Raw data:
··········

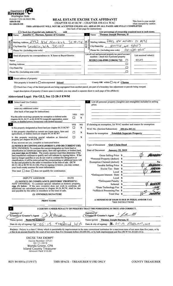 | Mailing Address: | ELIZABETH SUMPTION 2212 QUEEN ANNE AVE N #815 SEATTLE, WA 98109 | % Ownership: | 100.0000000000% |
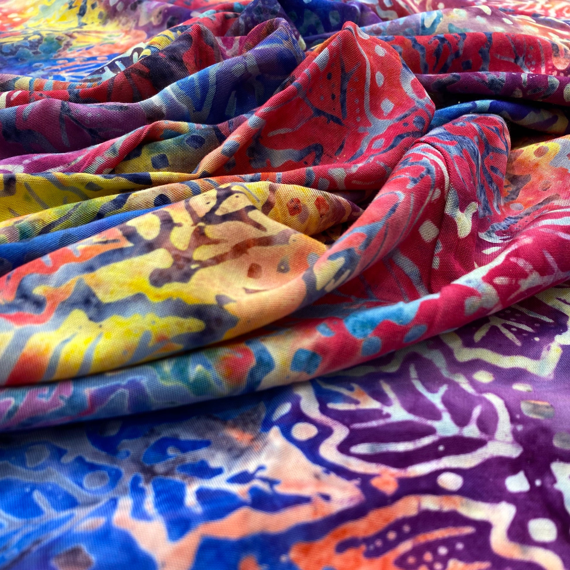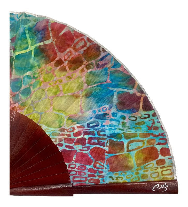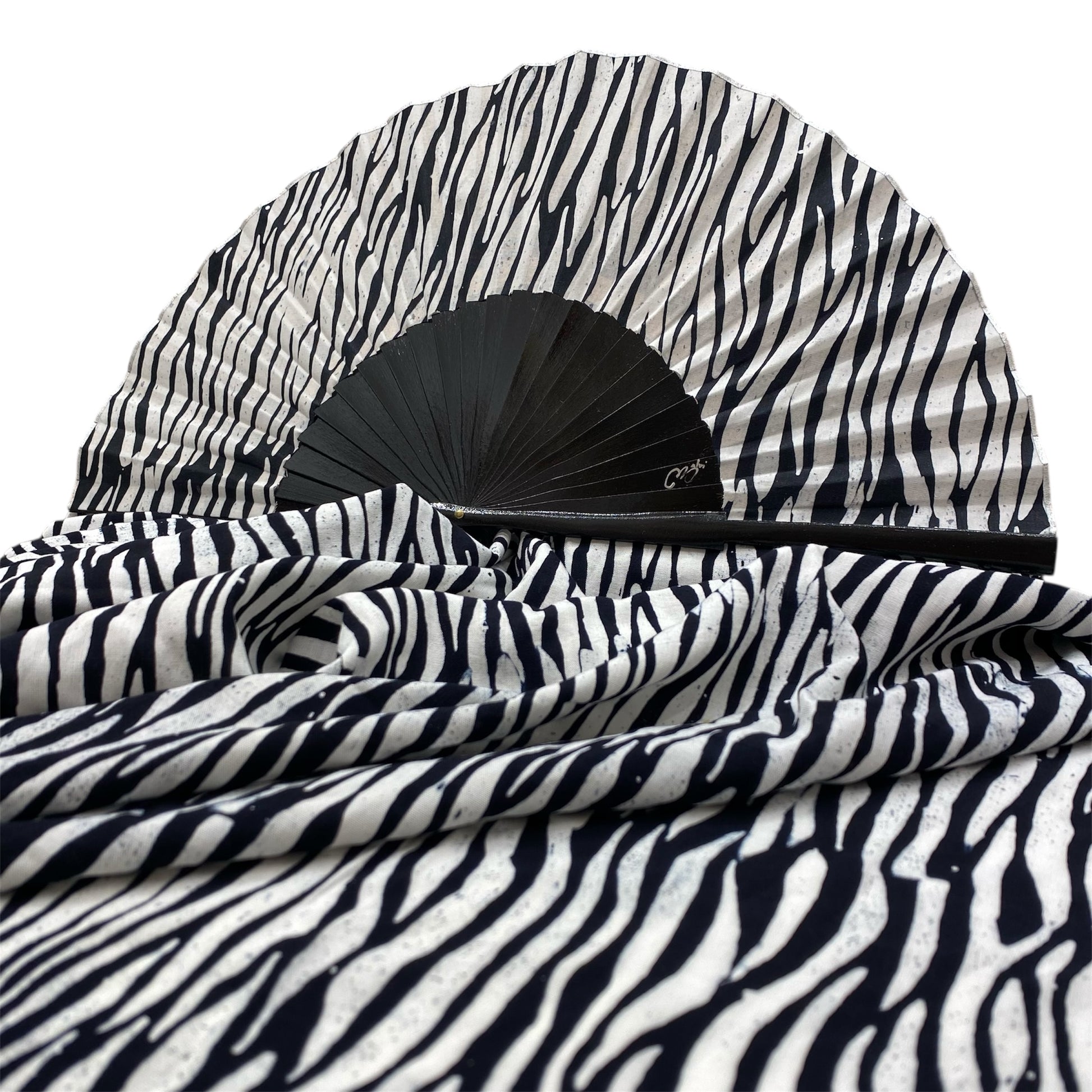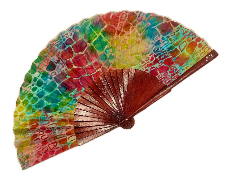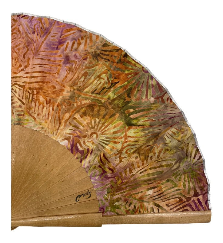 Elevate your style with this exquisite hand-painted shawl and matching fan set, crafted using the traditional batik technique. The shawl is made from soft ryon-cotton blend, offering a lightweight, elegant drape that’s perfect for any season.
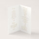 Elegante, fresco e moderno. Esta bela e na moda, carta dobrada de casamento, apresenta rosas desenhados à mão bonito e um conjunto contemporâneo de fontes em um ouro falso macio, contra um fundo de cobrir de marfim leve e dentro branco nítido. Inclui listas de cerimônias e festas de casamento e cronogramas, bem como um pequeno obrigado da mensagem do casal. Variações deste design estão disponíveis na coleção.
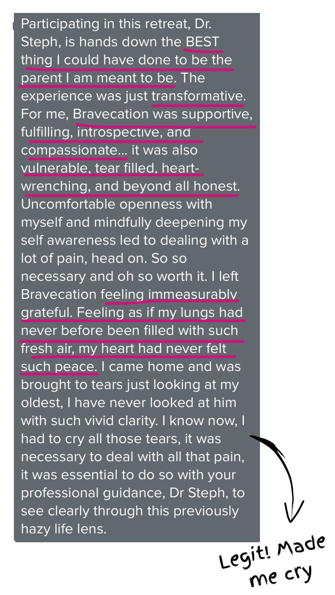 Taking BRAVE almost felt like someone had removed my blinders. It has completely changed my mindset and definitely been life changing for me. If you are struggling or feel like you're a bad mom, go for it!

··········

What you return should match the material line for line, with the images removed.

 | Mailing Address: | ELIZABETH SUMPTION 2212 QUEEN ANNE AVE N #815 SEATTLE, WA 98109 | % Ownership: | 100.0000000000% |
 Elevate your style with this exquisite hand-painted shawl and matching fan set, crafted using the traditional batik technique. The shawl is made from soft ryon-cotton blend, offering a lightweight, elegant drape that’s perfect for any season.
 Elegante, fresco e moderno. Esta bela e na moda, carta dobrada de casamento, apresenta rosas desenhados à mão bonito e um conjunto contemporâneo de fontes em um ouro falso macio, contra um fundo de cobrir de marfim leve e dentro branco nítido. Inclui listas de cerimônias e festas de casamento e cronogramas, bem como um pequeno obrigado da mensagem do casal. Variações deste design estão disponíveis na coleção.
 Taking BRAVE almost felt like someone had removed my blinders. It has completely changed my mindset and definitely been life changing for me. If you are struggling or feel like you're a bad mom, go for it!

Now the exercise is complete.